* **Data to use**
□ □ □ □ □ □ □

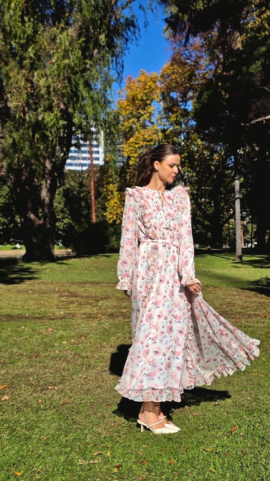 Crafted from lightweight chiffon, this maxi dress features full lining and delicate ruffled trims along the shoulders, bodice, and skirt. It includes an elasticated waist with an adjustable tie for a customized fit, complemented by a V-neckline with a tie detail. The skirt flows gracefully, enhanced by a ruffle trim for added movement and elegance.
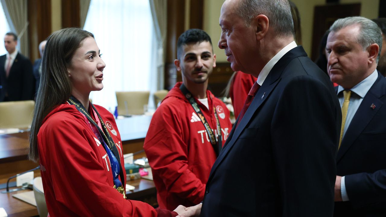 Cumhurbaşkanı Erdoğan, çeşitli branşlardan başarılı sporcularla Cumhurbaşkanlığı Külliyesi'nde görüşme gerçekleştirdi. Görüşmede; İletişim Başkanı Burhanettin Duran, Gençlik ve Spor Bakanı Osman Aşkın Bak ve sporcular yer aldı.
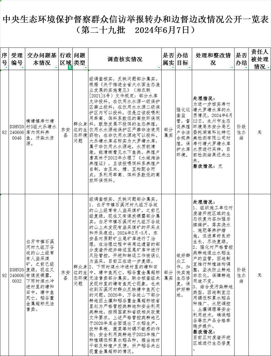 截至2024年6月17日,对中央第五生态环境保护督察组向ray雷竞技官网入口移交的第二十九批群众信访举报2件(其中重点件1件),相关县直部门和相关乡镇均按要求进行了调查处理,详见中央生态环境保护督察群众信访举报转办和边督边改公开情况一览表(第二十九批)。
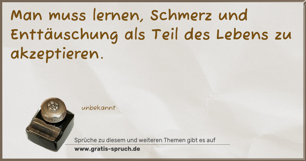 Man muss lernen, Schmerz und Enttäuschung als Teil des Lebens zu akzeptieren.
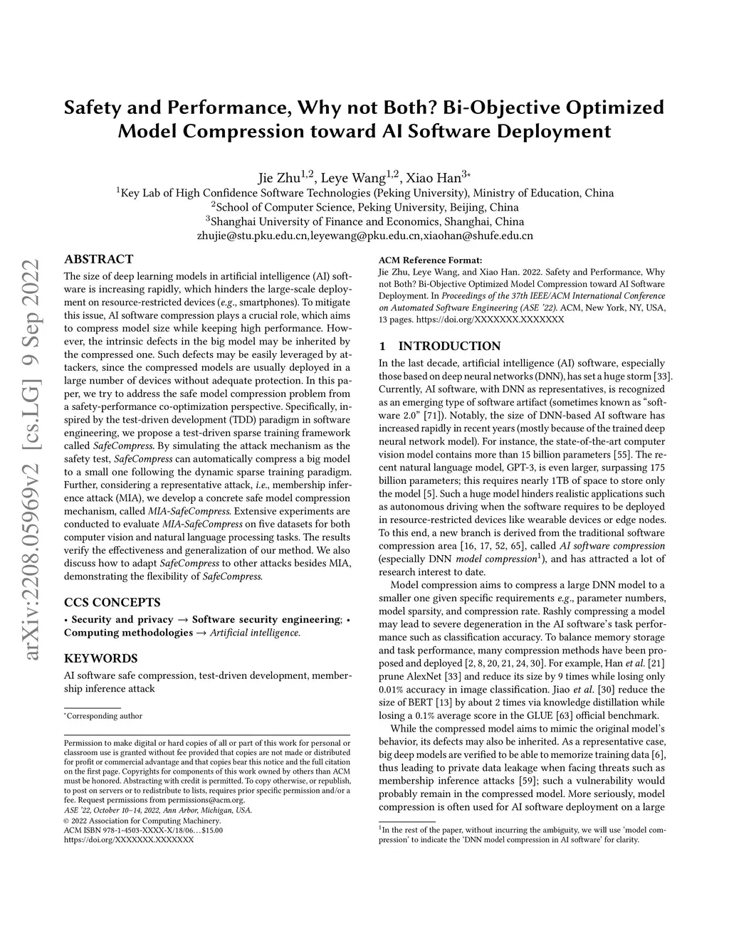 The size of deep learning models in artificial intelligence (AI) software is increasing rapidly, which hinders the large-scale deployment on resource-restricted devices (e.g., smartphones). To mitigate this issue, AI software compression plays a crucial role, which aims to compress model size while keeping high performance. However, the intrinsic defects in the big model may be inherited by the compressed one. Such defects may be easily leveraged by attackers, since the compressed models are usually deployed in a large number of devices without adequate protection. In this paper, we try to address the safe model compression problem from a safety-performance co-optimization perspective. Specifically, inspired by the test-driven development (TDD) paradigm in software engineering, we propose a test-driven sparse training framework called SafeCompress. By simulating the attack mechanism as the safety test, SafeCompress can automatically compress a big model to a small one following the dynamic sparse training paradigm. Further, considering a representative attack, i.e., membership inference attack (MIA), we develop a concrete safe model compression mechanism, called MIA-SafeCompress. Extensive experiments are conducted to evaluate MIA-SafeCompress on five datasets for both computer vision and natural language processing tasks. The results verify the effectiveness and generalization of our method. We also discuss how to adapt SafeCompress to other attacks besides MIA, demonstrating the flexibility of SafeCompress.
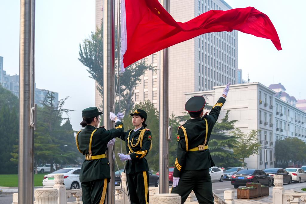 上午七时整,升国旗仪式正式开始。tyc122cc太阳成集团校国旗护卫队护旗手身着礼宾军装,踏着整齐的步伐护送国旗行进至升旗台。在雄壮激昂的国歌声中,五星红旗冉冉升起,全体师生行注目礼,齐声高唱国歌,共同表达对伟大祖国的忠诚热爱与美好祝福。
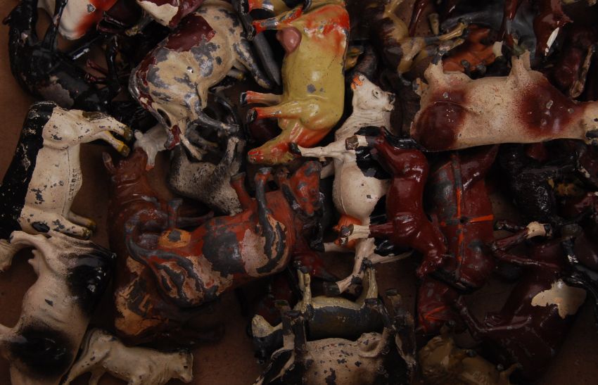 A good large collection of vintage Britains (some other makes present) lead farm animals. To include cows, goats, ducks, horses, etc. Many stamped ' Britains ' to base. Condition varies, but largely fair to good.

□ □ □ □ □ □ □

* **Work instruction**
Print out each record exactly as shown, but keep the pictures out.

* **Your response**
 Crafted from lightweight chiffon, this maxi dress features full lining and delicate ruffled trims along the shoulders, bodice, and skirt. It includes an elasticated waist with an adjustable tie for a customized fit, complemented by a V-neckline with a tie detail. The skirt flows gracefully, enhanced by a ruffle trim for added movement and elegance.
 Cumhurbaşkanı Erdoğan, çeşitli branşlardan başarılı sporcularla Cumhurbaşkanlığı Külliyesi'nde görüşme gerçekleştirdi. Görüşmede; İletişim Başkanı Burhanettin Duran, Gençlik ve Spor Bakanı Osman Aşkın Bak ve sporcular yer aldı.
 截至2024年6月17日,对中央第五生态环境保护督察组向ray雷竞技官网入口移交的第二十九批群众信访举报2件(其中重点件1件),相关县直部门和相关乡镇均按要求进行了调查处理,详见中央生态环境保护督察群众信访举报转办和边督边改公开情况一览表(第二十九批)。
 Man muss lernen, Schmerz und Enttäuschung als Teil des Lebens zu akzeptieren.
 The size of deep learning models in artificial intelligence (AI) software is increasing rapidly, which hinders the large-scale deployment on resource-restricted devices (e.g., smartphones). To mitigate this issue, AI software compression plays a crucial role, which aims to compress model size while keeping high performance. However, the intrinsic defects in the big model may be inherited by the compressed one. Such defects may be easily leveraged by attackers, since the compressed models are usually deployed in a large number of devices without adequate protection. In this paper, we try to address the safe model compression problem from a safety-performance co-optimization perspective. Specifically, inspired by the test-driven development (TDD) paradigm in software engineering, we propose a test-driven sparse training framework called SafeCompress. By simulating the attack mechanism as the safety test, SafeCompress can automatically compress a big model to a small one following the dynamic sparse training paradigm. Further, considering a representative attack, i.e., membership inference attack (MIA), we develop a concrete safe model compression mechanism, called MIA-SafeCompress. Extensive experiments are conducted to evaluate MIA-SafeCompress on five datasets for both computer vision and natural language processing tasks. The results verify the effectiveness and generalization of our method. We also discuss how to adapt SafeCompress to other attacks besides MIA, demonstrating the flexibility of SafeCompress.
 上午七时整,升国旗仪式正式开始。tyc122cc太阳成集团校国旗护卫队护旗手身着礼宾军装,踏着整齐的步伐护送国旗行进至升旗台。在雄壮激昂的国歌声中,五星红旗冉冉升起,全体师生行注目礼,齐声高唱国歌,共同表达对伟大祖国的忠诚热爱与美好祝福。
 A good large collection of vintage Britains (some other makes present) lead farm animals. To include cows, goats, ducks, horses, etc. Many stamped ' Britains ' to base. Condition varies, but largely fair to good.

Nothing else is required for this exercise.